Work order:
Reproduce, word for word, the lines in the material below starting with the one that has "日照 | 積雪 | 降雪 |" and going on through the one that has "Giantz 18km Electric". Leave out all pictures.

Material shown:
BEGIN
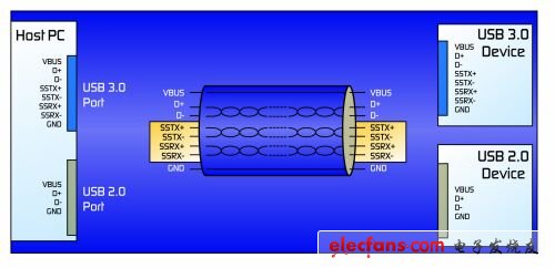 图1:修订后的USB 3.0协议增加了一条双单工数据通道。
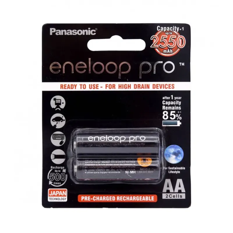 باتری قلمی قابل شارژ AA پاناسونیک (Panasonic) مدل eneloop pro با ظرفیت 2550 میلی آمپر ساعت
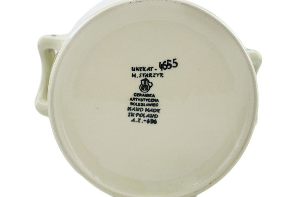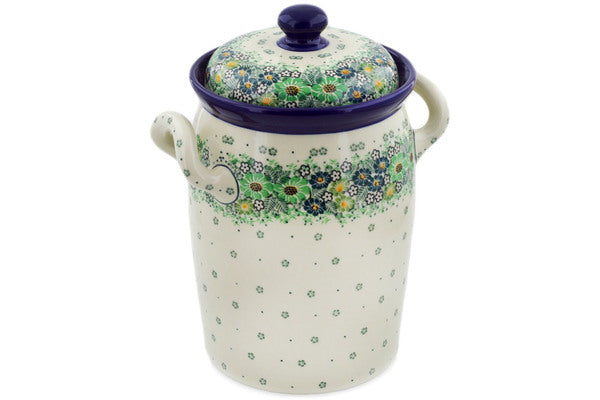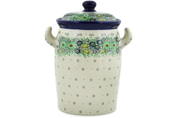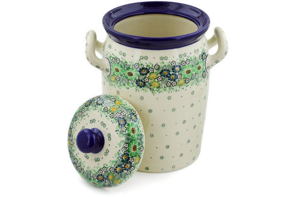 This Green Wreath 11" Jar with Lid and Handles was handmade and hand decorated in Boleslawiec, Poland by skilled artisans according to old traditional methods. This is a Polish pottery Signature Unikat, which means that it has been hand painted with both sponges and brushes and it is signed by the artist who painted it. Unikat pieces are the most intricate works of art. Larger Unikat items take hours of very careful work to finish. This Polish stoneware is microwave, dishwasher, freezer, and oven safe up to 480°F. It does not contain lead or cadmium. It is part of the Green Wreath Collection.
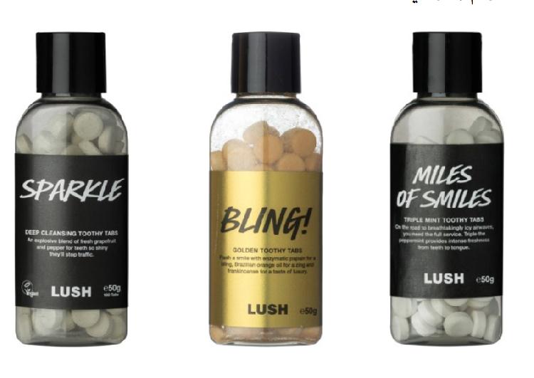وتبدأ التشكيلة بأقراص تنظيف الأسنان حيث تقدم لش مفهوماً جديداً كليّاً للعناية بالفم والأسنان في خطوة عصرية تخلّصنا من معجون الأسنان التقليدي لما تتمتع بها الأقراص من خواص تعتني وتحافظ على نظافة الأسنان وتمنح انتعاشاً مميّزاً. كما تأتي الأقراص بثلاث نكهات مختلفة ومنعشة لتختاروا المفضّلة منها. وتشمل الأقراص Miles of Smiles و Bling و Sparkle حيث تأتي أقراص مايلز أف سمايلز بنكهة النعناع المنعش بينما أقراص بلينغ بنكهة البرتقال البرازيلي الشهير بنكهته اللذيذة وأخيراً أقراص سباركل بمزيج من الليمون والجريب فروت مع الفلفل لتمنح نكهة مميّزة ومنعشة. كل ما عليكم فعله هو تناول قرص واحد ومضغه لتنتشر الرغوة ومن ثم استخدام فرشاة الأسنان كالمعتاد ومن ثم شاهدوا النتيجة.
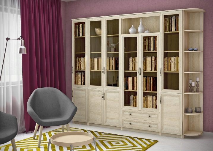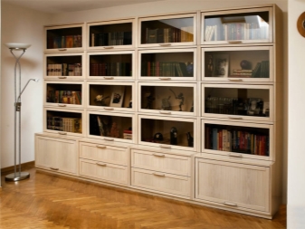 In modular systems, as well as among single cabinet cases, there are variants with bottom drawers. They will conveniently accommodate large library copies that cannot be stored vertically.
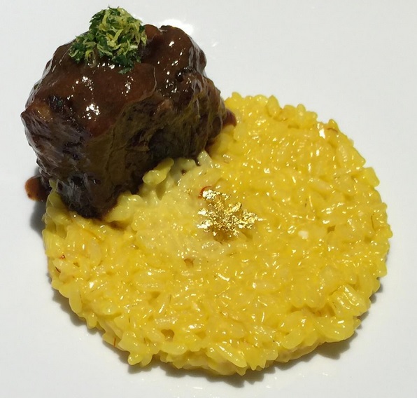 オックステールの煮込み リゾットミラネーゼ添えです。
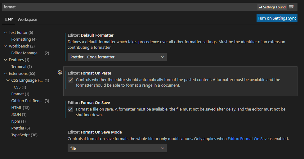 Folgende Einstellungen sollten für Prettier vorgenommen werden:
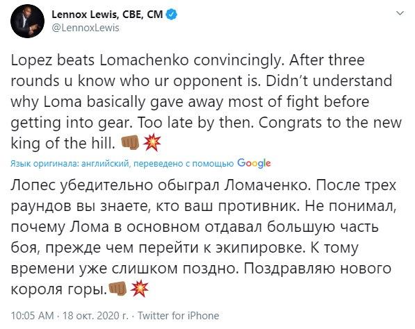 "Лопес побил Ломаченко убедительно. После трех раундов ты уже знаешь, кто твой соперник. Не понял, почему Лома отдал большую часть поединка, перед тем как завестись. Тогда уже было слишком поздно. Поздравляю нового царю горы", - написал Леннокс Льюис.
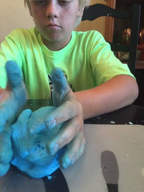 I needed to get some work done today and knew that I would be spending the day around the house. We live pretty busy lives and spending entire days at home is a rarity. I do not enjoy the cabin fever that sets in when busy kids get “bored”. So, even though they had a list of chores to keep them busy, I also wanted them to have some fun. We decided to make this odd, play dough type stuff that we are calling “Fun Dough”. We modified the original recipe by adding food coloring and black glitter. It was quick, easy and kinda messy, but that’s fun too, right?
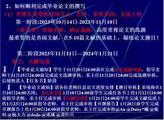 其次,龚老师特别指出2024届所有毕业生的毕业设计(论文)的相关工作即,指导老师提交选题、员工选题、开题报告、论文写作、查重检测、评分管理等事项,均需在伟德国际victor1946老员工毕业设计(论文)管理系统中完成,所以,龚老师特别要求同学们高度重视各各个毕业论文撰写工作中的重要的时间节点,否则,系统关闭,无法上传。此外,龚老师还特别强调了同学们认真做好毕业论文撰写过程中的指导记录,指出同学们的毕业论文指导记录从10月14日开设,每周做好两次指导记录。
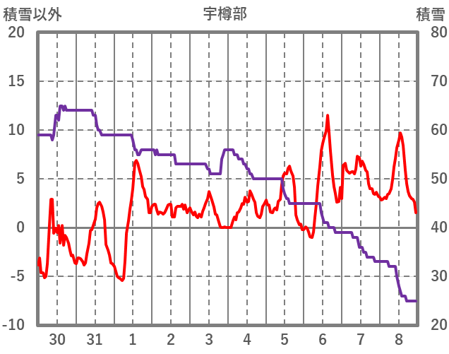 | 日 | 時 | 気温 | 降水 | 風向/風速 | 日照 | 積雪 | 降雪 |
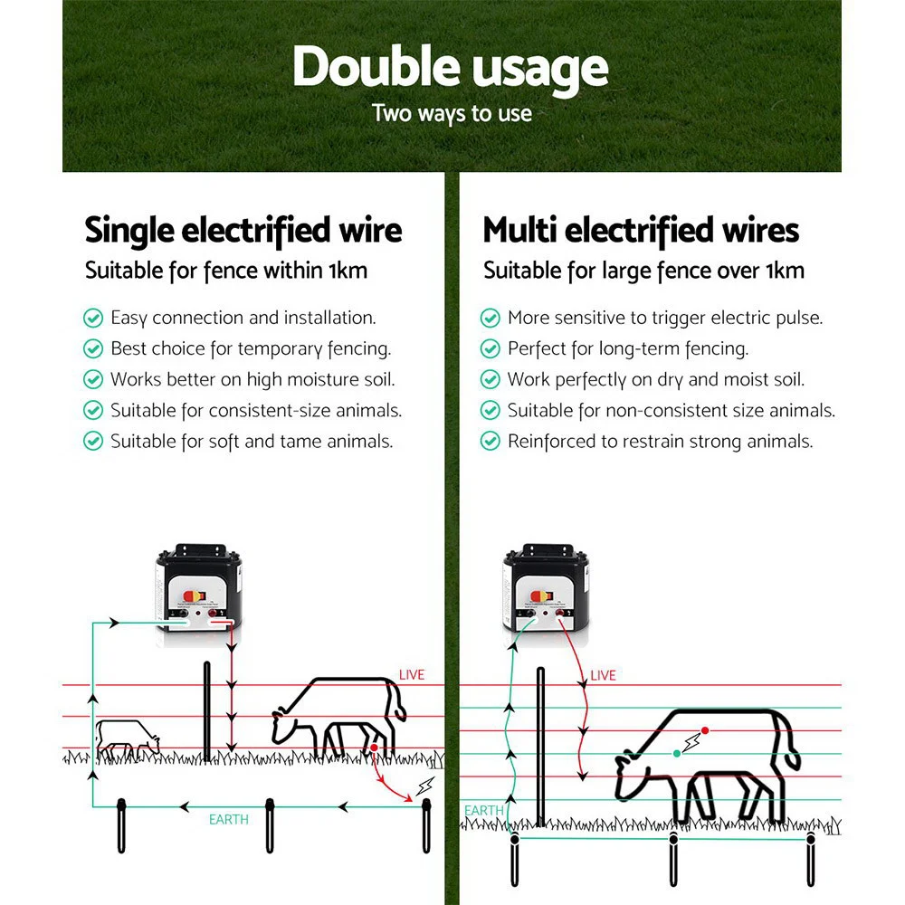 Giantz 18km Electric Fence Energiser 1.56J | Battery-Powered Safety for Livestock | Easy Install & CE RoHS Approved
END
BEGIN
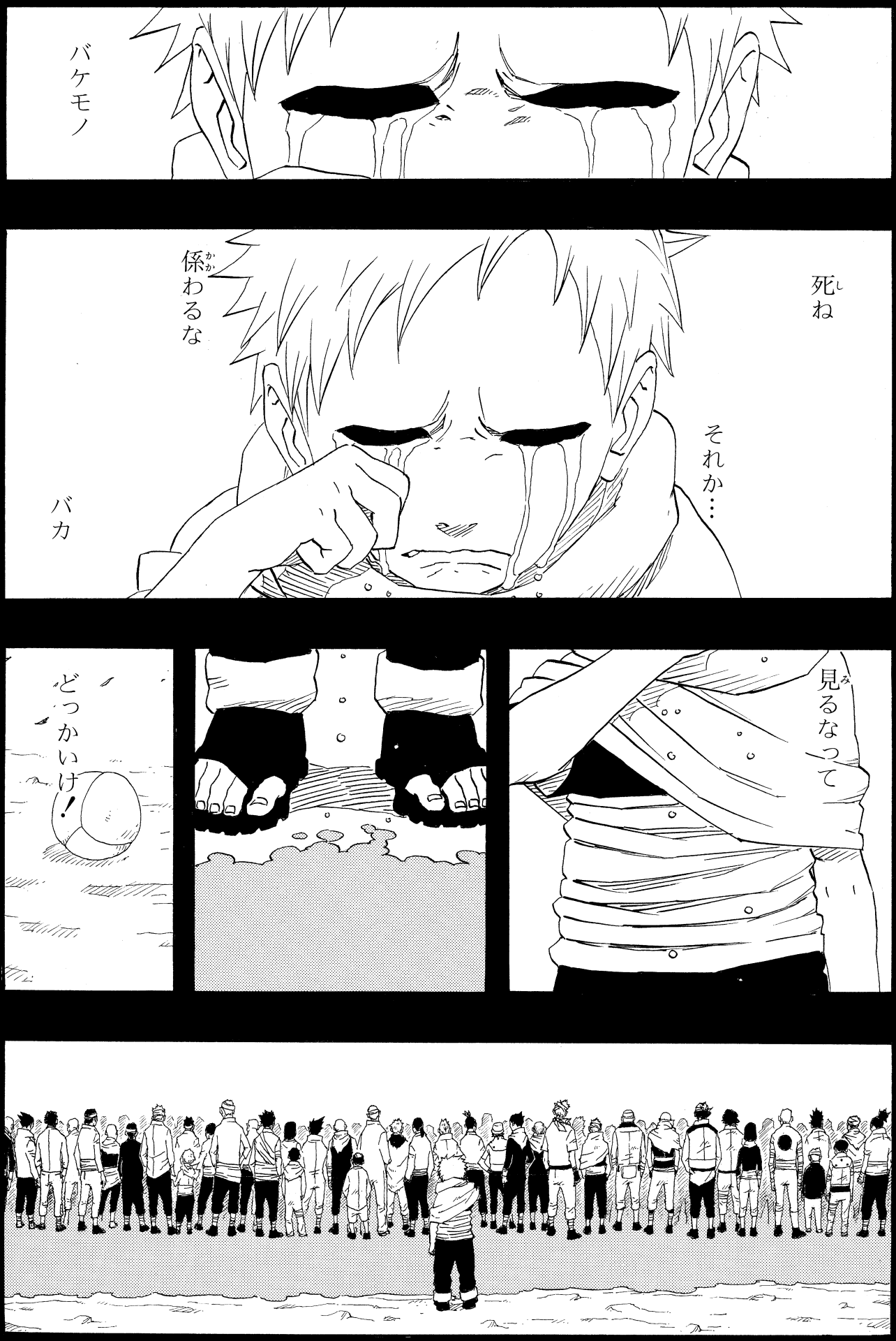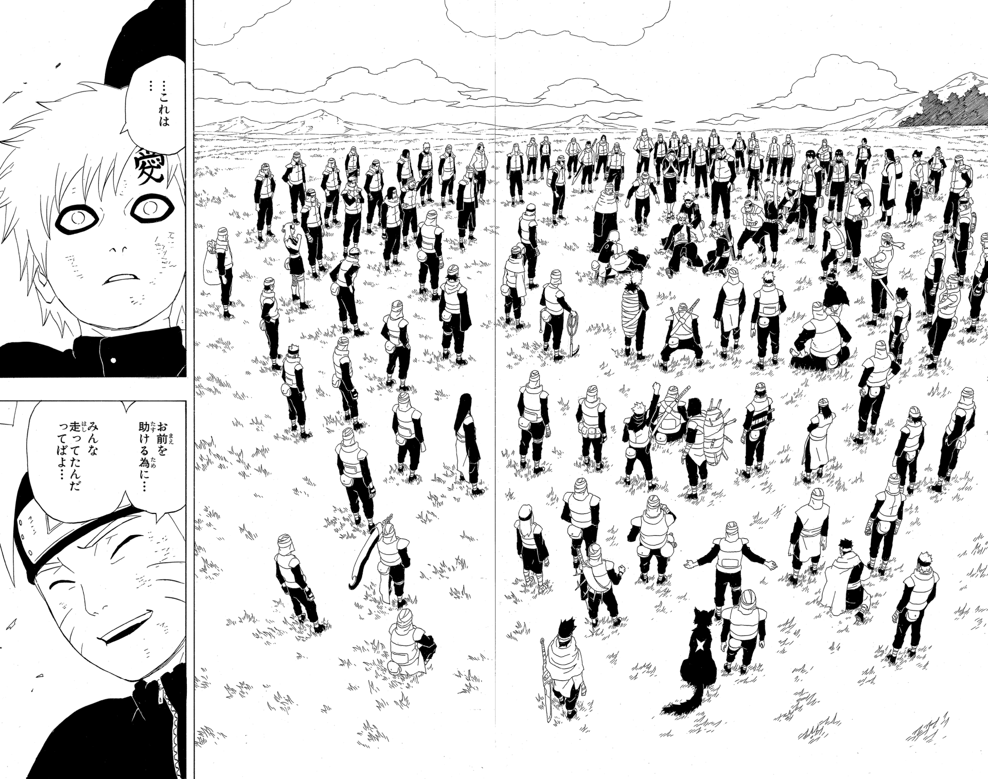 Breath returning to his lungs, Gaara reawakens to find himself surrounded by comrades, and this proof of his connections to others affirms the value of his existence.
END
BEGIN
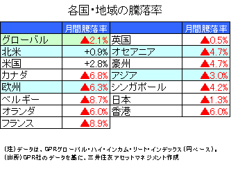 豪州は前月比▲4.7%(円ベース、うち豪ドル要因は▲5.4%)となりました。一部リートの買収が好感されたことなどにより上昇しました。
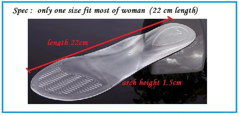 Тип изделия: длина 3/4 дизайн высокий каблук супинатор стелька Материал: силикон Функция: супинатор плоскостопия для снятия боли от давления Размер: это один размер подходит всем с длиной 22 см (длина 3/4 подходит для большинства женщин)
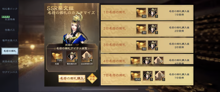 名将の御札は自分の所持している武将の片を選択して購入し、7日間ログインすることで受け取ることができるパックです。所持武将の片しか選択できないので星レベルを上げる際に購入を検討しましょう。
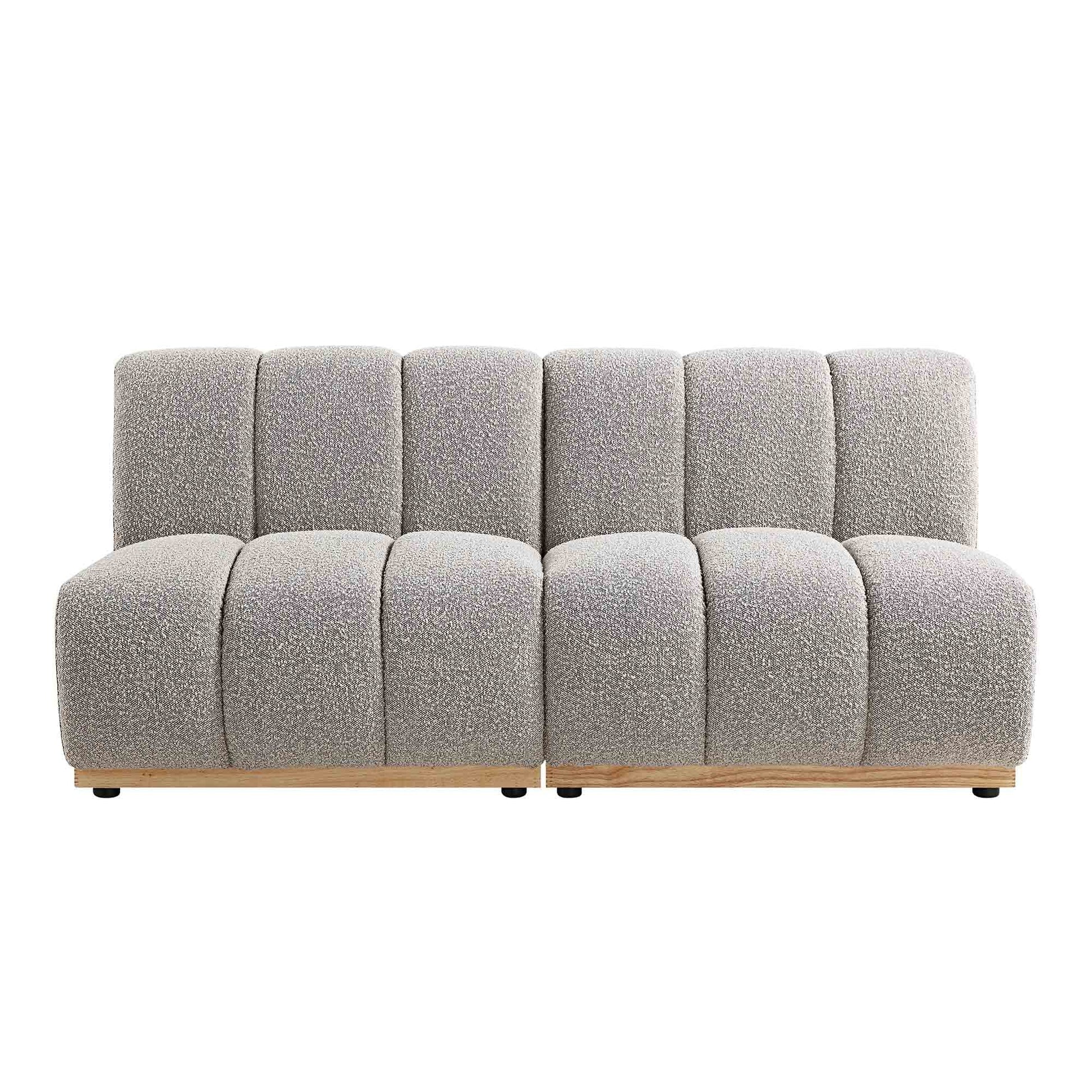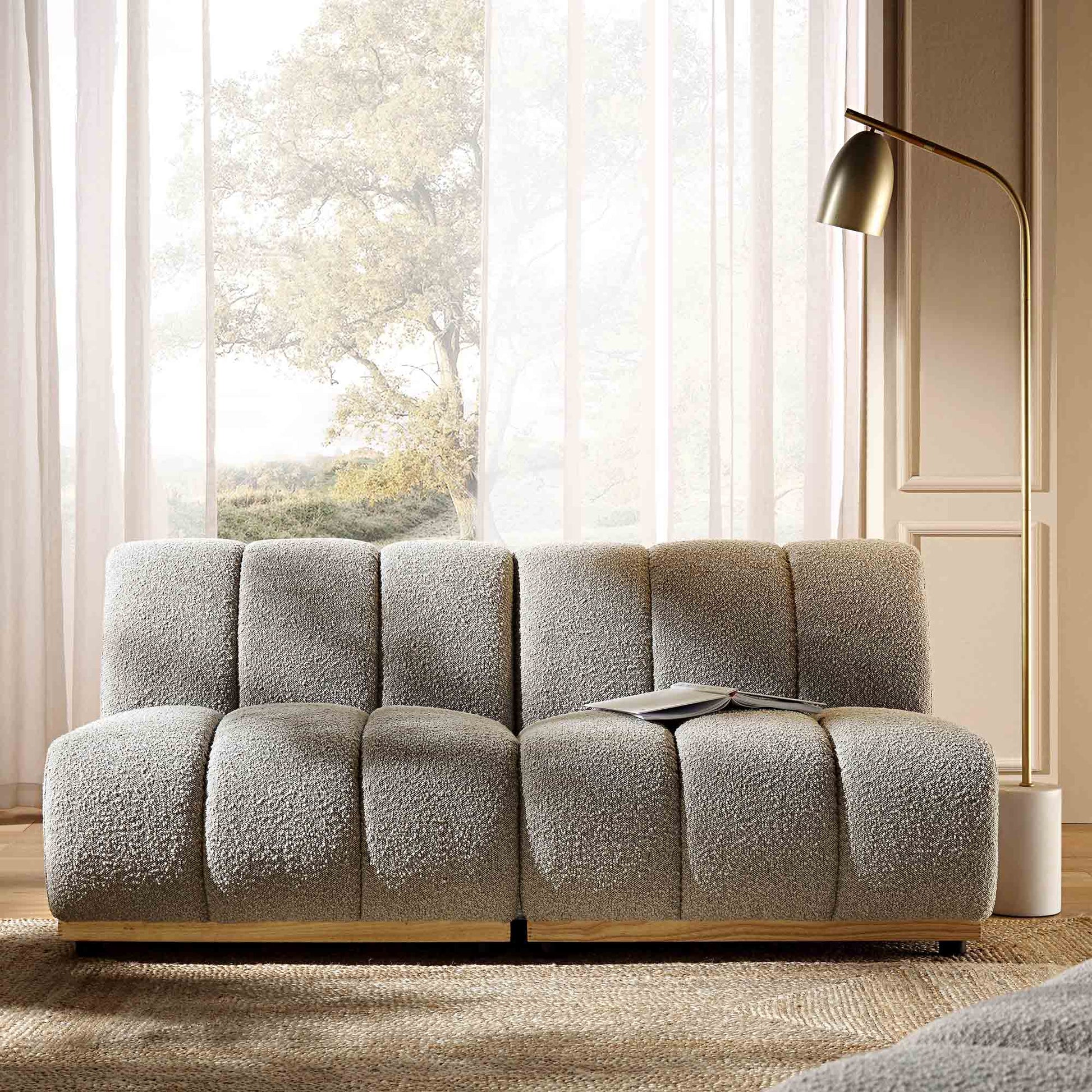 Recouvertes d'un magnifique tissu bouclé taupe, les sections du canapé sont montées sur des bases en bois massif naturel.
END
Response area:
 | 日 | 時 | 気温 | 降水 | 風向/風速 | 日照 | 積雪 | 降雪 |
 Giantz 18km Electric Fence Energiser 1.56J | Battery-Powered Safety for Livestock | Easy Install & CE RoHS Approved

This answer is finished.